I watched much of the game, even the half-time show, but was puttering around at the same time. Driven to inattention by Justin Timberlake, the ex-boy bandster, I missed the flash seen round the world. (Although as a man of the world I have seen breasts, both right and left, before.)
And then everyone went nuts. Timberlake and Jackson started talking about wardrobe malfunction, as if NASA had been involved. Jackson's name became the most searched Internet topic of all time, showing that a lot of people missed the flash and wanted to see one of her breasts. CBS and MTV started running for cover. Cameron Diaz, Timberlake's current steady, was supposedly peeved.

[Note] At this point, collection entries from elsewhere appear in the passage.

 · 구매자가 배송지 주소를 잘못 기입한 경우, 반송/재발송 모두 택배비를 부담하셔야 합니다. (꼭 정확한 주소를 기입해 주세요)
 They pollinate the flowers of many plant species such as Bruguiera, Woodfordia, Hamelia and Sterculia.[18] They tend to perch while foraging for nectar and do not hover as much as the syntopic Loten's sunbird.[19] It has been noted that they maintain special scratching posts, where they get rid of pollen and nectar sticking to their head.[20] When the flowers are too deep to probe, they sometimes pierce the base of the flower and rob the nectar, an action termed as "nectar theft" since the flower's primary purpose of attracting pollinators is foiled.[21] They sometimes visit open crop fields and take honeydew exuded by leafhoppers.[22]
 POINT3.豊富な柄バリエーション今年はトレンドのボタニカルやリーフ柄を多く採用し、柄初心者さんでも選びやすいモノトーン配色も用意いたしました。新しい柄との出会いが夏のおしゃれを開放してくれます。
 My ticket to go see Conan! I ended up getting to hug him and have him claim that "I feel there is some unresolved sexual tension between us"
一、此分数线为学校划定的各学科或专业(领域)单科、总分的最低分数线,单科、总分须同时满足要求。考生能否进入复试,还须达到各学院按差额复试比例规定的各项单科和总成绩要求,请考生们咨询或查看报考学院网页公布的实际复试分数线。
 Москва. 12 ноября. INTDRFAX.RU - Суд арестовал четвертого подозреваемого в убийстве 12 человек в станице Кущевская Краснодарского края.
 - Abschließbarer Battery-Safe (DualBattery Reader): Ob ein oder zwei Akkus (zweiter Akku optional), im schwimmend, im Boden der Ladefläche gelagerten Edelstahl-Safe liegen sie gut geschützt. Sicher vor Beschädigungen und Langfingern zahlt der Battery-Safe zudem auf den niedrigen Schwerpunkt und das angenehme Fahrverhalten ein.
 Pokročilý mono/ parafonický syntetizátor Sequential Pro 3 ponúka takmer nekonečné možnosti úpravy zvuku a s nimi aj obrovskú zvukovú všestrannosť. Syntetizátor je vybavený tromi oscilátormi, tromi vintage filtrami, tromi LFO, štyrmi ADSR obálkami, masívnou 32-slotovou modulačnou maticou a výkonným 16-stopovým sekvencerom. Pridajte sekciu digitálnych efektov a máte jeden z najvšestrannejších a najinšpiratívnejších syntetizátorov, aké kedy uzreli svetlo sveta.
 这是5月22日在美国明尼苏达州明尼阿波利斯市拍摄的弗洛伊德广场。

The American government acted the wackiest. FCC chair Michael Powell - the chief broadcast regulator - promised a quick investigation into the half-time show for violating indecency rules. "I personally was offended by the entire production, and I think that most of the complaints we have received are much broader than just the final incident," he said. A team of experts will be digging into the whole affair to find out just how far the rot has spread, he said.
I don't think people should flash during a football game, even the players. After all, the scantily clad cheerleaders don't deserve competition.

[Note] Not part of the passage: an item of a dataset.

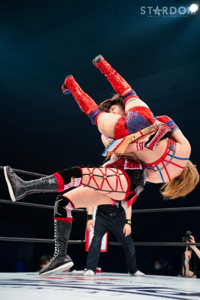 ロックアップで組み合い舞華がヘッドロック。上谷が切り返しグラウンドへ。舞華が首を取ると上谷がバックを取り腕十字狙い。上谷のニールキック、舞華のラリアットがかわされる。上谷が突進すると舞華がショルダータックル、串刺しラリアット。舞華はボディースラムを決めると予告してもう一発。上谷が返すと舞華はスリーパー。上谷がエスケープし、場外での攻防に。上谷が舞華の腕を鉄柱に巻き込んで攻撃。エプロン越しでアームブリーカーも決める。リングに戻ると右腕にストンピング、エルボー連打からアームブリーカー。さらにコーナーに追い込んで右腕を蹴っていくとワキ固めへ。串刺し攻撃をかわした舞華は上谷のスワンダイブを迎撃。上谷の突進を止めてパワースラム。舞華がダッシュすると上谷はフランケンシュタイナー。場外に出た舞華へスワンダイブ式プランチャをぶつける。10分経過。場外でのフランケンを舞華が受け止めエプロンに叩きつける。舞華は上谷をリングに戻し、エプロンでブレーンバスターを放つ。リングに戻すとバックドロップ。しかし上谷が返してみせる。エルボーの打ち合いから上谷が仁王立ちで受けて立つ。すると舞華がエルボー一発で上谷をダウンさせる。上谷が立ち上がると舞華が「こいよ」と挑発。上谷は「なめんな!」とドロップキック。コーナーに上がると舞華が追いつき雪崩式ブレーンバスター狙い。上谷がこらえてパワーボムの構え。舞華がこらえると上谷が下からパンチ。15分経過。上谷がコーナーを上がり雪崩式狙いも舞華がカット。舞華は上谷をコーナーに乗せて雪崩式ブレーンバスターを決める。しかし上谷が返してみせる。舞華が至近距離からラリアット連発。上谷が二段蹴り、張り手。ラリアットをかいくぐりニールキック。舞華がラリアット。両者ダウン状態。舞華が上谷を押し倒すが2カウント。舞華はフィニッシュを宣言し、炎華落とし狙い。上谷が丸め込みジャーマンへ。上谷がノーザンライトからフィッシャーマン。舞華が返すと、上谷がフェニックススプラッシュ狙いでコーナーへ。舞華が殴りかかり、自分も上がると上谷を担いで雪崩式炎華落とし。しかし上谷の肩が上がる。20分経過。舞華は上谷を持ち上げると旋回してマットに叩きつける。上谷がフランケンも舞華が丸め込む。舞華が突進すると上谷が回し蹴り、ラリアットをかわしてリバースフランケンシュタイナー。両者ダウン。8で立ち上がり両者突進、舞華がラリアット、上谷が二段蹴り。上谷がノーハンドでヘッドバットもカウンターのラリアットを食らう。上谷が返すと、舞華が寝かせようとするが上谷が切り返してスタークラッシャー。舞華が返すと、上谷はファイヤーバードスプラッシュ。さらにコーナーに上がりフェニックススプラッシュを放つ。3カウントが入り、上谷が防衛に成功した。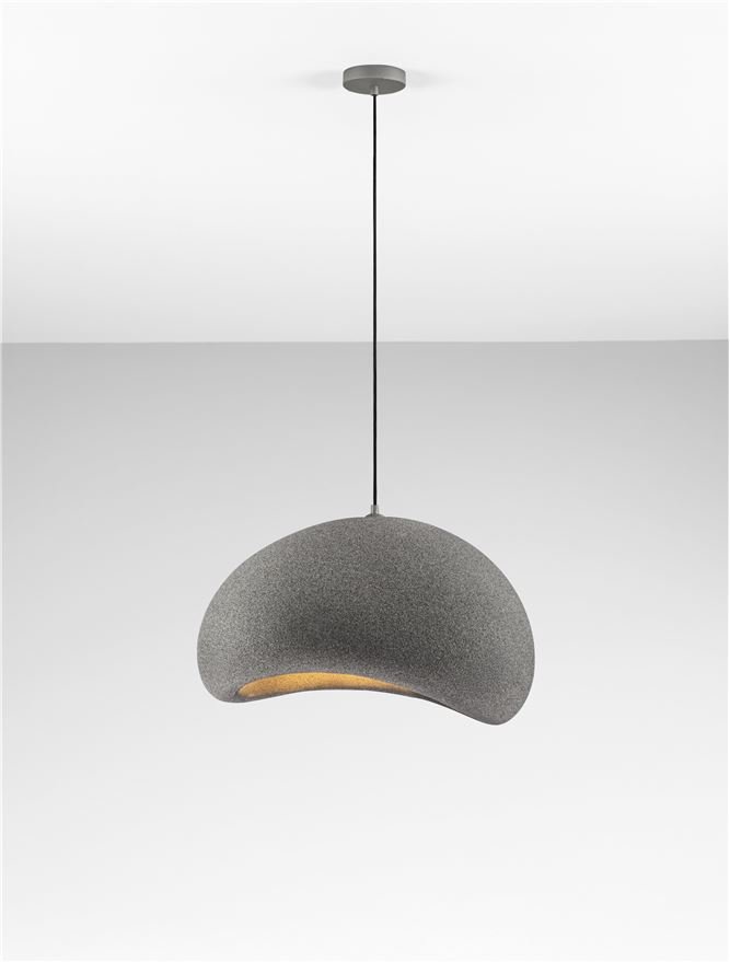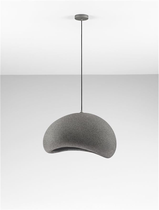 Atmosfera moderna e avvolgente che trasforma la stanza in un luogo elegante e accogliente, valorizzando ogni dettaglio con una luce scenica. Lampada a sospensione in poliuretano e resina con finitura Stone Gray firmata Nova Luce per ambienti moderni.

But anyone who thinks Janet Jackson's right breast is the big outrage on TV either hasn't been paying attention or is crazier than a loon.
I'd rather any children of my acquaintance sit through 100 Superbowl hide-and-go-peep shows than watch one day of Jerry Springer and his assorted companions on afternoon TV. (Shows that have drawn not a single investigation from Powell and the other guardians.)
Janet Jackson taught the kids at home that pop stars wear strange clothes, and are willing to shed bits of them for the sake of a career boost. Hardly shocking, or damaging.
But every afternoon Springer and company teach them that people are cruel, stupid, abusive, dishonest, mistrustful and violent. Worse, the shows teach them that a really good time can be had by dragging the most wrecked people on a stage and shrieking abuse at them. (Moms who are angry because their daughters dress like sluts, dads who get paternity test results on stage, people who regularly rip off their own clothes, or someone else's, are restrained by a beefy security guard and left to alternately sob hysterically and swear wildly while the audience boos.)
The daily damage to any sense of human dignity - at a time when kids are watching TV - is astonishing.
Likewise, I'd sit a class of kids down in front of Jackson's finale several dozen times before I'd let them watch pro wrestling, which celebrates an ultra-violence and sex fantasyland out of A Clockwork Orange. I'm not a prude, and am fiercely anti-censorship, but I'm astonished parents haven't boycotted WWE and its ilk into late-night time slots. Implants for the women, steroids for the men and a steady routine of sexism and merciless beatings - aimed at kids.
Jackson flashed one breast, out of some 12 billion out there. Inappropriate for afternoon TV, sure, even in an event so insanely over the top as the SuperBowl, which opened with a tribute to the space shuttle crew that burned up on re-entry last year.
But cause for this kind of global uproar? Not a chance.
Let it go. It's just a breast.
Footnote: Meanwhile in Canada more viewers were worried about a beer commercial that showed - oh, the horror - two women kissing, according to the CRTC. That may be a sleazy way to try to get guys to down more beers, but it doesn't seem like a major crime. Kisses are, when welcomed, a good thing. (I missed that commercial too, proving, that it makes more sense to advertise in your local newspaper.)